I’m amused with the return value of the max_for_pali function, and its use in the main solve function. First of all, you might notice that to define a tuple of length one, you have to include a trailing comma. Otherwise it gets treated as a single object, not a tuple-worth of a objects. Then, in the main solve function, I loop over all solutions returned by max_for_pali – but there’s only ever 0 or 1 solution! I thought this was a kinda fun way to avoid an if(len) sort of statement. Of course, there’s no real call for defining the function max_for_pali anyway, but I like it.

This solution also demonstrates a way to make strings that, if memory serves, has not been used in any post here yet. The ‘%’ operator works on strings, taking a formatting string (on the left) and a tuple (on the right). The motto seems to be that this is like printf in c.

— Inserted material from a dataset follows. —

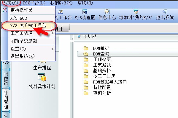 1、首先在系统内点击“系统”菜单,从弹出的快捷菜单中点击“K3 客户端工具包”按钮。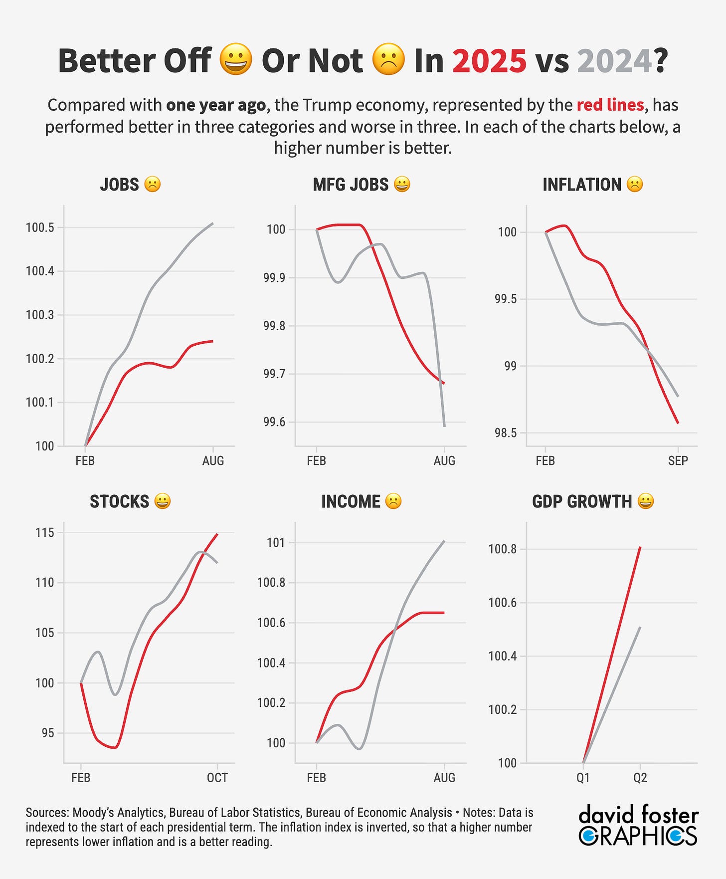 Our data measures change in those six categories since Trump took office in January. We’re not measuring raw levels of economic activity, but the increase or decrease during Trump’s second term. The pace and direction of change is how most people assess whether things are getting better or worse, and whether they’re getting ahead or falling behind.

The next solution is a little different, in that its outer loop is looping over the palindromes themselves, and the inner loop is to find the factors. My first thought about this approach was that it wouldn’t be very efficient, so I wasn’t even going to bother with it. But I thought about it some more and decided to code it up, and I’m glad I did.

def make_pali(n): """ make a palindrome with leading digits n """ s = str(n) l = len(s) for i in xrange(0,l): s = s + s[l-1-i] return int(s) def factors(n, d): """ try to find a nice factorization of n with d digits per factor """ i = int(math.sqrt(n)) j = n//i while(j < 10**d and i >= 10**(d-1)): # expect the first test to fail first if(i*j == n): return [i,j] i -= 1 j = n//i return [] def solve(digits): """ main function """ max_pali, prod = 0, [] pali_head = 10**digits - 1 while(pali_head >= 10**(digits - 1)): max_pali = make_pali(pali_head) prod = factors(max_pali, digits) if(len(prod)): break pali_head -= 1 print "%d*%d=%d" % (prod[0], prod[1], max_pali)

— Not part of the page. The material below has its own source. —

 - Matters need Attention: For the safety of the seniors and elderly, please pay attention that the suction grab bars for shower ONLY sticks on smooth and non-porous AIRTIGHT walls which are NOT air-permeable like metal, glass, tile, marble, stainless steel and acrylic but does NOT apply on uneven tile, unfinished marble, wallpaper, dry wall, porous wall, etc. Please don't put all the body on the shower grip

This solution has the advantage of stopping as soon as the answer is found, instead of worrying about if there is another combination of factors that’ll give a larger palindrome than one already found.

While testing these scripts, I noticed some interesting patterns. Here are what the above scripts have given me as the largest palindomic products, based on the number of digits of the two factors:

1: 3 * 3 = 9 2: 91 * 99 = 9009 3: 913 * 993 = 906609 4: 9901 * 9999 = 99000099 5: 99681 * 99979 = 9966006699 6: 999001 * 999999 = 999000000999 7: 9997647 * 9998017 = 99956644665999 8: 99990001 * 99999999 = 9999000000009999

This points out a few things. First of all, my second solution, as posted above, actually fails on the first input. That’s because there’s a built-in assumption there that the maximum palindromic product of two digit numbers will be a digit number. There also seems to be a pattern to the factors, at least for even inputs – the larger factor is a string of 9s. Does that continue? Apparently NOT! Here’s some more values (these took a while – more on performance later):

9: 999920317 * 999980347 = 999900665566009999 10: 9999986701 * 9999996699 = 99999834000043899999 11: 99999943851 * 99999996349 = 9999994020000204999999

With these values determined, one can go back and make another improvement or two (which we could probably have guessed at the beginning), if we allow ourselves some assumptions. Specifically, we now expect that the biggest palindrome will begin with a 9, and therefore end with a 9. Since we’re looking at its factors, we can rule out any factors that are even, or multiples of 5, since neither of these will ever give a product ending in 9.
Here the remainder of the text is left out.